Actually, it is not. In Py3k, x.encode() always requires x to be a str
(i.e. unicode) instance and return a bytes instance. y.decode()
requires y to be a bytes instance and returns a str (i.e. unicode)
instance.

I think you have to ask another question: Is repr() allowed to
return a string (instead of Unicode) in Py3k ?

In Py3k, "strings" *are* unicode. The str data type is Unicode.

If you're asking about repr() possibly returning a bytes instance,
definitely not.

If not, then unicode_repr() will have to check the return value of
the codec and convert it back to Unicode as necessary.

What codec?

> I started to think codec is not nessesary, but python function is enough.

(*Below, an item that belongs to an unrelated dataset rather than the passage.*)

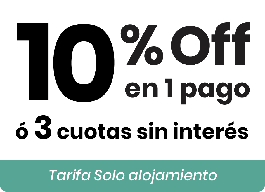 Solo Alojamiento cancelación flexible 10 off abonando en un pago mediante depósito transferencia o tarjeta de crédito en un pago o 3 cuotas sin interés.
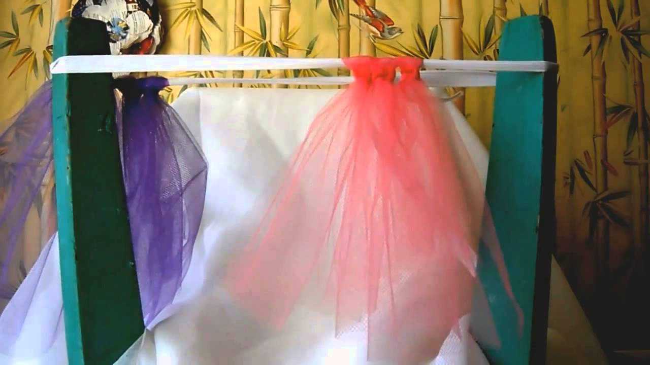 Далее берём эластичную тесьму и закрепляем её на любой поверхности (например, на спинке стула). К тесьме привязываем куски фатина в два узелка. Продолжаем до тех пор, пока не обвяжем всю эластичную тесьму. Чтобы юбочка выглядела опрятно, кончики фатина подравниваем острыми ножницами. На всё про всё уйдёт максимум полчаса!

That's what we currently have with unicode_repr(), but it doesn't
solve the problem.

I'm lost here.

PS. Atsuo's PEP has now been checked in as PEP-3138. Discussion should
start soon on the python-3000 list.

gvanrossum · 2008-05-05T22:17:33Z

FWIW, I've uploaded diff3.txt to Rietveld:
http://codereview.appspot.com/767

Code review comments should be reflected here.

I had to skip the change to Modules/unicodename_db.h which were too
large for Rietveld to handle.

atsuoishimoto · 2008-05-06T04:30:12Z

I forgot to mention to Modules/unicodename_db.h.

The current unicodename_db.h looks it was generated
by old Tools/unicode/makeunicodedata.py. This patch
includes newly generated unicodename_db.h, but we
can exclude the change if not necessary.

gvanrossum · 2008-05-06T04:39:15Z

No need to change anything, the diff is just too big for the code
review tool (Rietveld), but since it consists only of numbers we don't
need to review it anyway. :)

malemburg · 2008-05-06T08:26:33Z

On 2008-05-06 00:07, Guido van Rossum wrote:

Guido van Rossum <guido@python.org> added the comment:

On Fri, Apr 18, 2008 at 1:46 AM, Marc-Andre Lemburg
<report@bugs.python.org> wrote:
> On 2008-04-18 05:35, atsuo ishimoto wrote:
> > atsuo ishimoto <ishimoto@users.sourceforge.net> added the comment:
> >
> > Is a codec which encode() returns an Unicode allowed in Python3?
>
> Sure, why not ?

Actually, it is not. In Py3k, x.encode() always requires x to be a str
(i.e. unicode) instance and return a bytes instance. y.decode()
requires y to be a bytes instance and returns a str (i.e. unicode)
instance.

So you've limited the codec design to just doing Unicode<->bytes
conversions ?

The original codec design was to have the codec decide which
types to take on input and to generate on output, e.g. to
escape characters in Unicode (converting Unicode to Unicode),
work on compressed 8-bit strings (converting 8-bit strings to
8-bit strings), etc.

> I think you have to ask another question: Is repr() allowed to
> return a string (instead of Unicode) in Py3k ?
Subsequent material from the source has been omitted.